**EXERCISE DESCRIPTION**.
Repeat each record below exactly, omitting whatever pictures appear in it.

**EXERCISE INPUTS**.
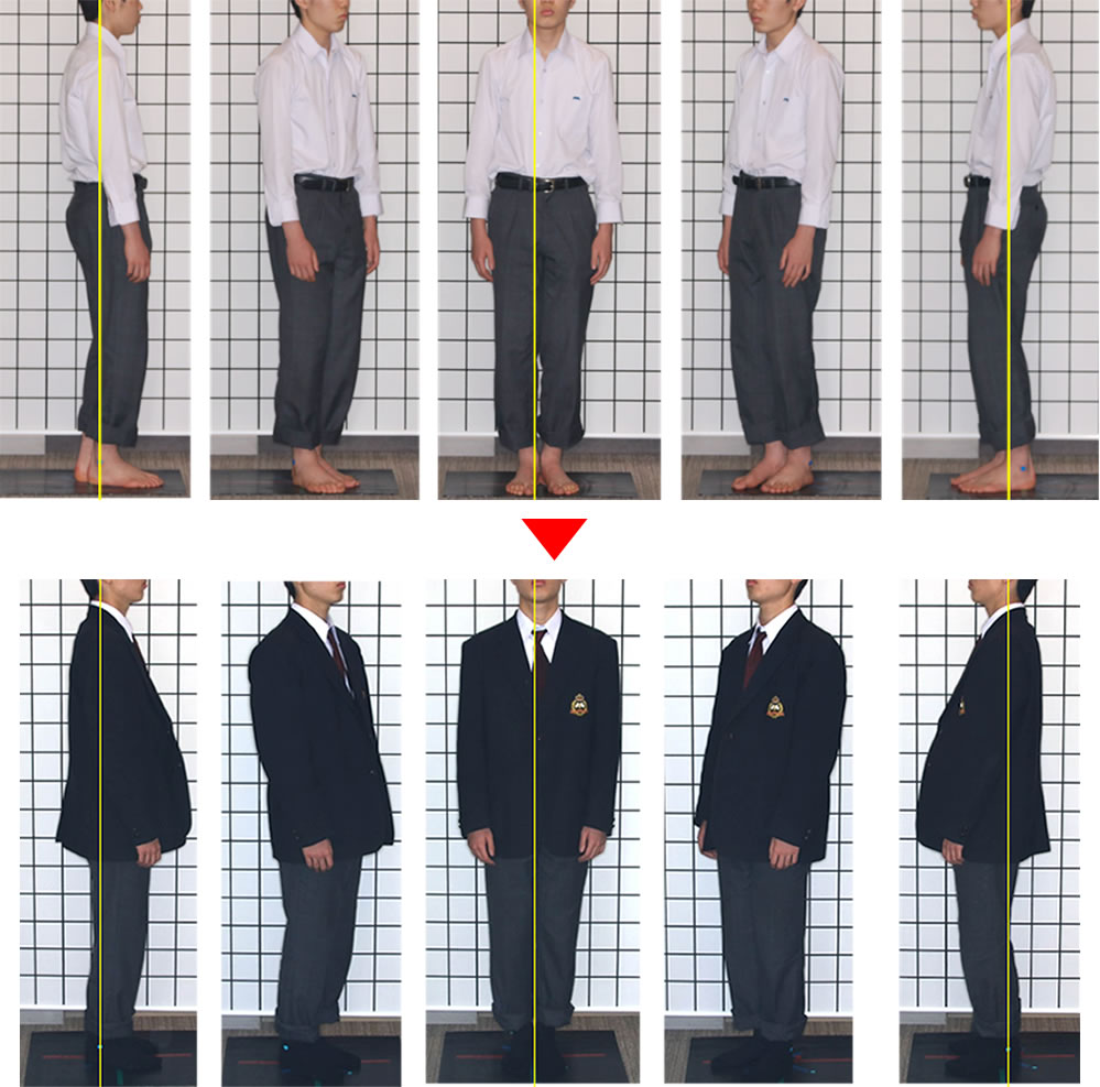 術前は膝の上に上体が乗るような姿勢で、強い猫背が見られましたが、術後はやや反り腰の傾向はあるものの、全体として理想的な姿勢に近づきました。
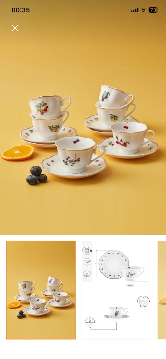 Altın detaylı, beyaz porselen meyve desenli fincan ve tabağı seti. Çay veya kahve için uygundur.
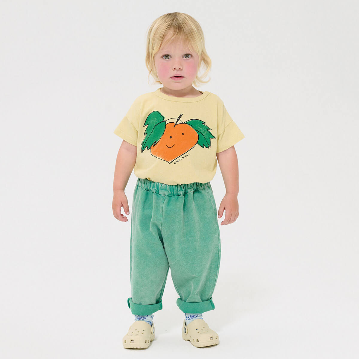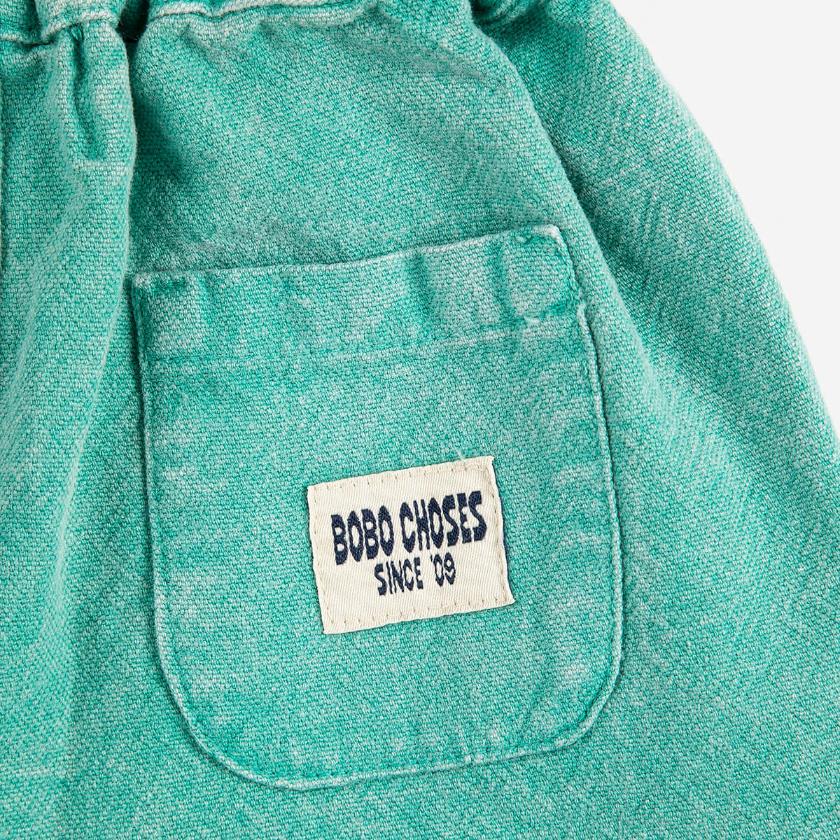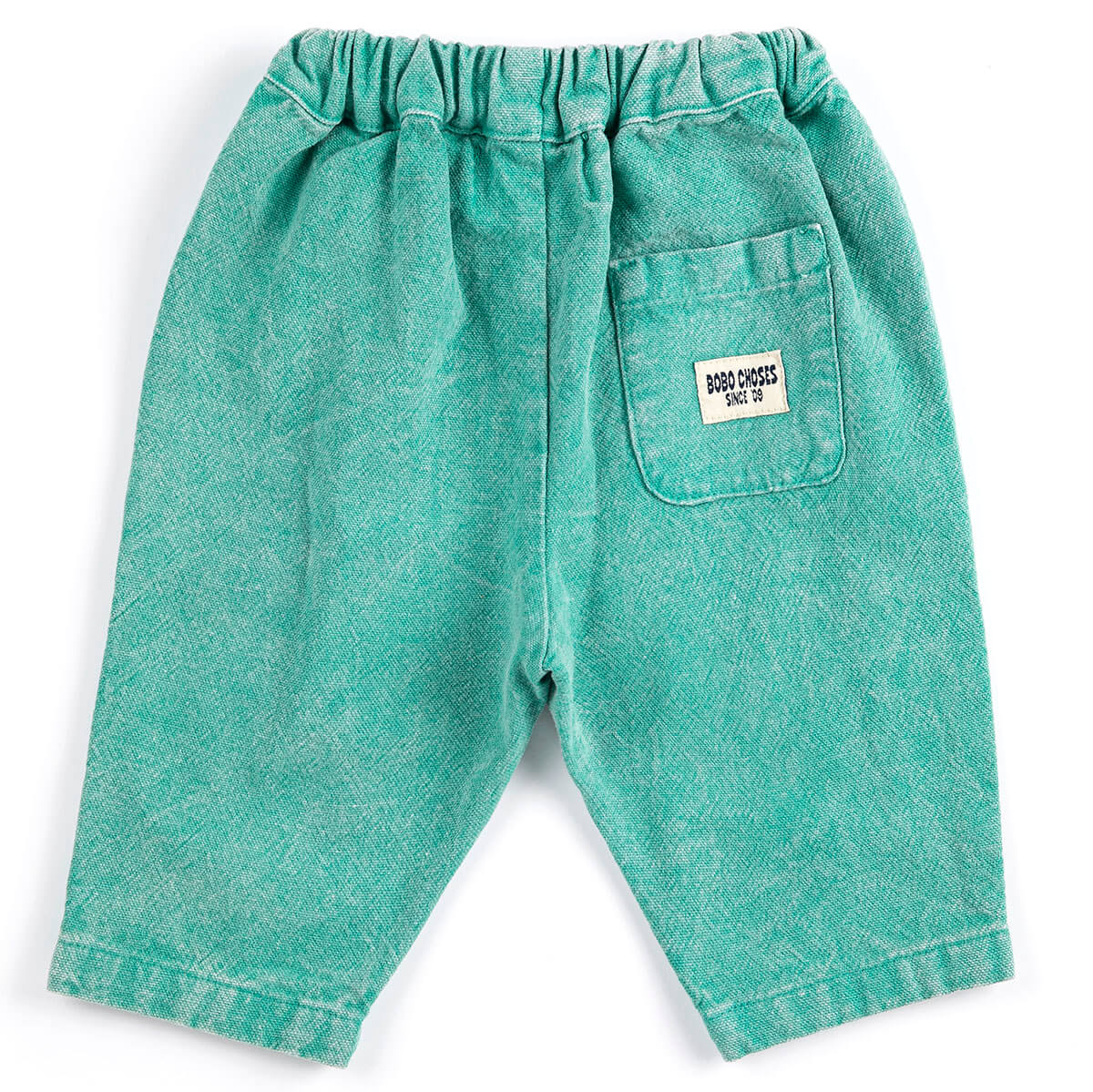 Bobo Choses Since 09 Woven Baby Pants by Bobo Choses. Green trousers featuring an elasticated waistband with adjustable drawstring, baggy fit, ankle length and a patch pocket.
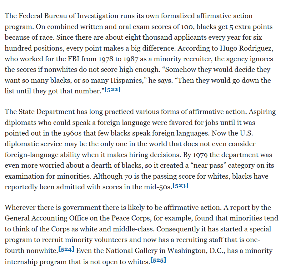 The FBI gives additional points on its hiring tests to nonwhites, and throws out the results if not enough nonwhites make it through anyways. State Department stopped considering foreign language skills because too few blacks spoke them and has a lower threshold for hiring them.
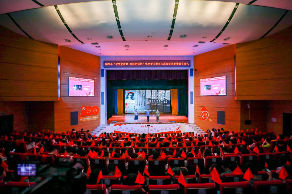 活动现场,同学们手擎小红旗,气氛庄严、热烈。选手们紧紧围绕党史,以丰富鲜活的史实、生动鲜活的语言、激扬振奋的语调,以小见大,多层次、多角度、多形式讲述共产党的光荣历史和革命先烈、先进人物的先进事迹与崇高精神。经过两个小时的激励角逐,最终湘杏学院辅导员黄俊超、人文与管理学院学生彭予全及湘杏学院学生常静怡获得一等奖,另评选出二等奖5个,三等奖8个及最佳人气奖2个。
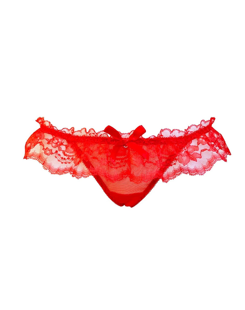As delicate as a fawn and just as sweet, this ruffled thong is a romantic addition to any wardrobe. Soft mesh is topped with a wide floral lace ruffle for a flirty look while the matching satin bow with silver heart charm accents the front. Wear it with the Fawn Bra and Fawn Garter Belt for a darling look.
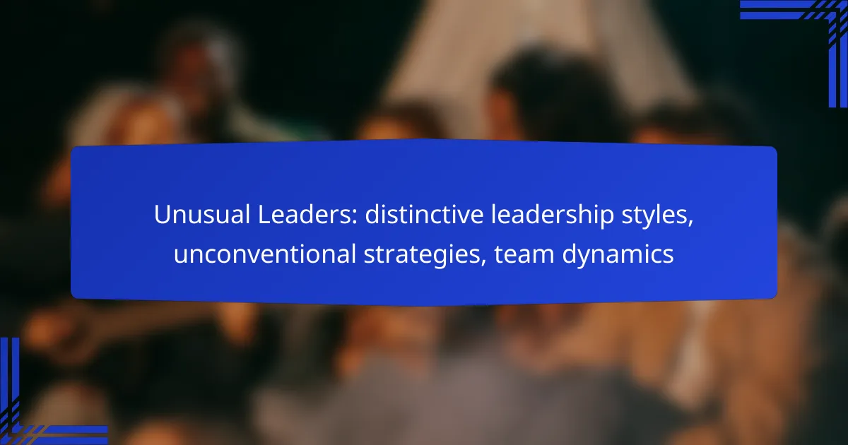 Unusual leaders often distinguish themselves through distinctive leadership styles and unconventional strategies that challenge traditional norms. By fostering unique team dynamics, these leaders create environments ripe for innovation and collaboration, ultimately driving enhanced performance and creativity within their organizations.
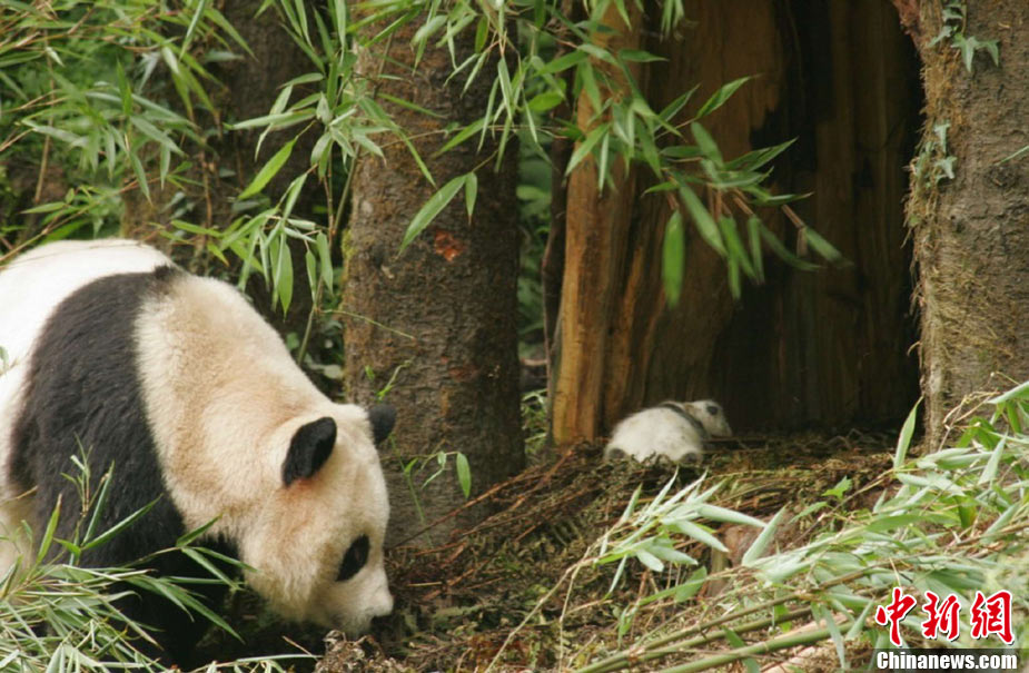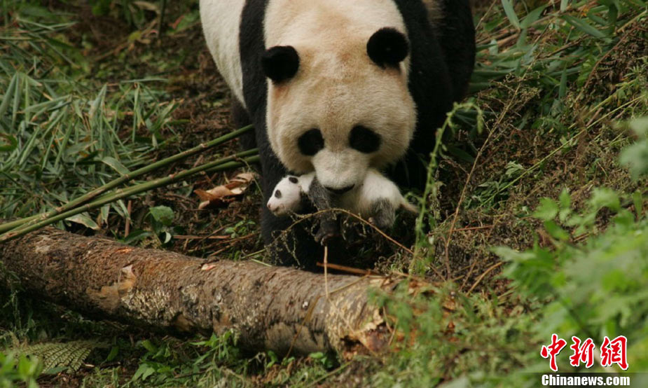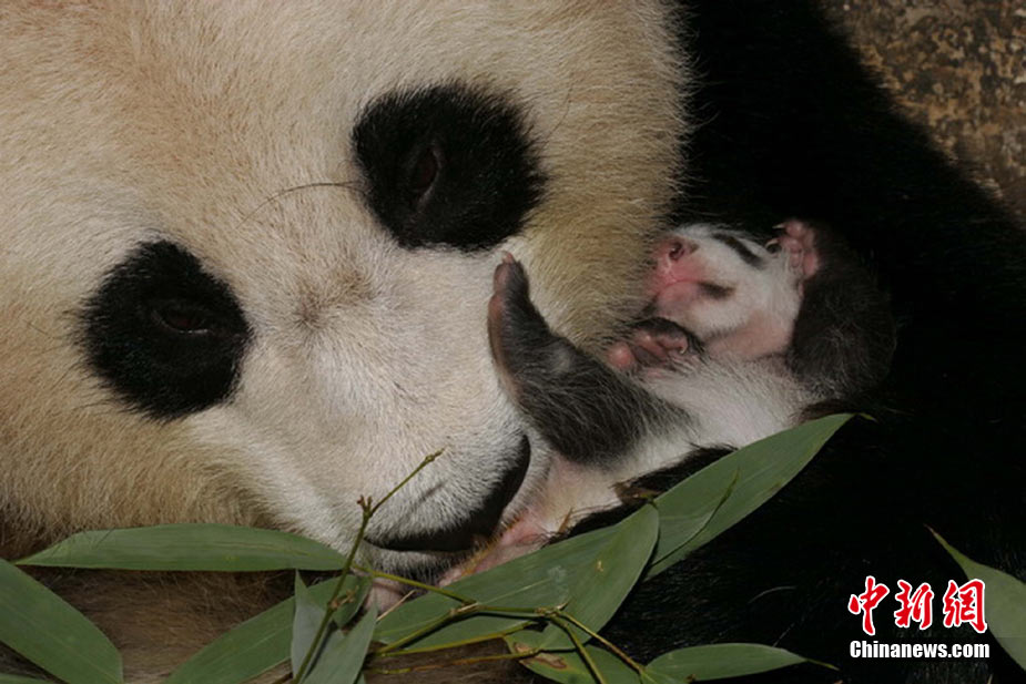 9月4日從臥龍中國保護大熊貓研究中心獲悉,全球首只在野化培訓基地誕生的大熊貓寶寶----“草草”的幼仔已滿月。在8月3日降生于臥龍“核桃坪”野化培訓基地后的一個月里,科研人員按預先計劃順利開展了相關研究工作,讓“草草”帶著寶寶先在一個條件相對簡單的環境中生活,目前,幼仔生長狀況良好,從出生時的205克增長到了1235克,身體健康,活力強。中新社發 曾昌霞 攝

**TASK SOLUTION**.
 術前は膝の上に上体が乗るような姿勢で、強い猫背が見られましたが、術後はやや反り腰の傾向はあるものの、全体として理想的な姿勢に近づきました。
 Altın detaylı, beyaz porselen meyve desenli fincan ve tabağı seti. Çay veya kahve için uygundur.
 Bobo Choses Since 09 Woven Baby Pants by Bobo Choses. Green trousers featuring an elasticated waistband with adjustable drawstring, baggy fit, ankle length and a patch pocket.
 The FBI gives additional points on its hiring tests to nonwhites, and throws out the results if not enough nonwhites make it through anyways. State Department stopped considering foreign language skills because too few blacks spoke them and has a lower threshold for hiring them.
 活动现场,同学们手擎小红旗,气氛庄严、热烈。选手们紧紧围绕党史,以丰富鲜活的史实、生动鲜活的语言、激扬振奋的语调,以小见大,多层次、多角度、多形式讲述共产党的光荣历史和革命先烈、先进人物的先进事迹与崇高精神。经过两个小时的激励角逐,最终湘杏学院辅导员黄俊超、人文与管理学院学生彭予全及湘杏学院学生常静怡获得一等奖,另评选出二等奖5个,三等奖8个及最佳人气奖2个。
As delicate as a fawn and just as sweet, this ruffled thong is a romantic addition to any wardrobe. Soft mesh is topped with a wide floral lace ruffle for a flirty look while the matching satin bow with silver heart charm accents the front. Wear it with the Fawn Bra and Fawn Garter Belt for a darling look.
 Unusual leaders often distinguish themselves through distinctive leadership styles and unconventional strategies that challenge traditional norms. By fostering unique team dynamics, these leaders create environments ripe for innovation and collaboration, ultimately driving enhanced performance and creativity within their organizations.
 9月4日從臥龍中國保護大熊貓研究中心獲悉,全球首只在野化培訓基地誕生的大熊貓寶寶----“草草”的幼仔已滿月。在8月3日降生于臥龍“核桃坪”野化培訓基地后的一個月里,科研人員按預先計劃順利開展了相關研究工作,讓“草草”帶著寶寶先在一個條件相對簡單的環境中生活,目前,幼仔生長狀況良好,從出生時的205克增長到了1235克,身體健康,活力強。中新社發 曾昌霞 攝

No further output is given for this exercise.